# Switching to Melbourne



## amir_a (Sep 24, 2010)

Hi guys, 

I am current student of Adelaide university in Master of Mechatronics Engineering and it is my first semester. 
I want to know if you think it worths to switch to The Melbourne University to continue my study. I think I may 
need a master degree of a high ranked university to prove myself at least for the first job.

Tnx.


----------



## Wanderer (Jun 16, 2007)

Melbourne Uni may have a higher standard as far as Universities go but it is not the only thing that will affect your chances of employment.
You'll also need to go through the visa process requirements in changing courses too.


----------



## amir_a (Sep 24, 2010)

Wanderer said:


> Melbourne Uni may have a higher standard as far as Universities go but it is not the only thing that will affect your chances of employment.
> You'll also need to go through the visa process requirements in changing courses too.

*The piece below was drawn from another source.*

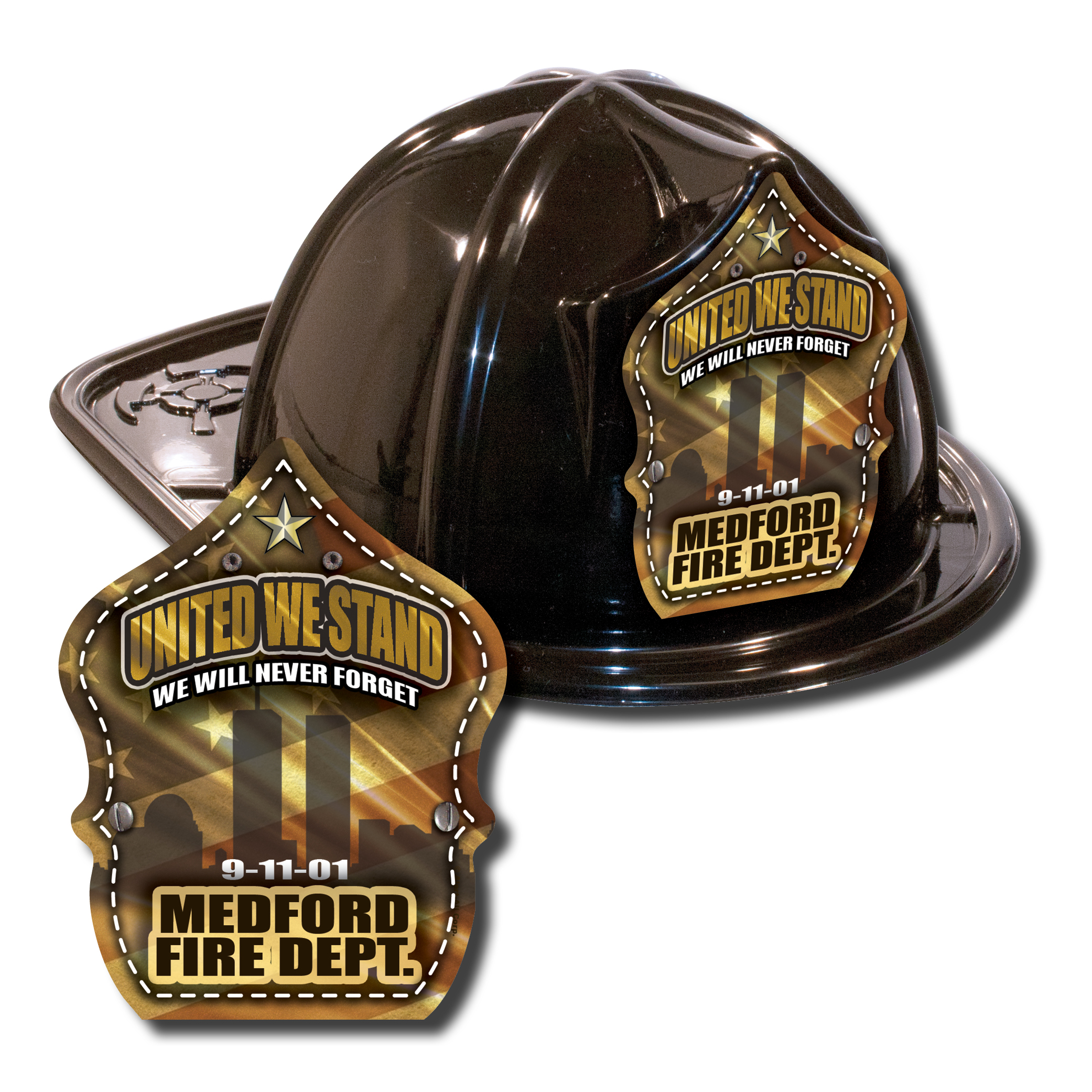 Imprinted Fire Hat - Black - 9/11 Gold Flag Shield

Lets assume that I can come over my student visa process. Apart from my prospects after graduation, I reckon my chance to attain a relevant work experience to my discipline in Melbourne *during my studying* is more than Adelaide. Am I right?


----------



## Wanderer (Jun 16, 2007)

Melbourne is certainly a larger city but then more people also means more competition too.


----------



## amir_a (Sep 24, 2010)

Good point ! tnx.


----------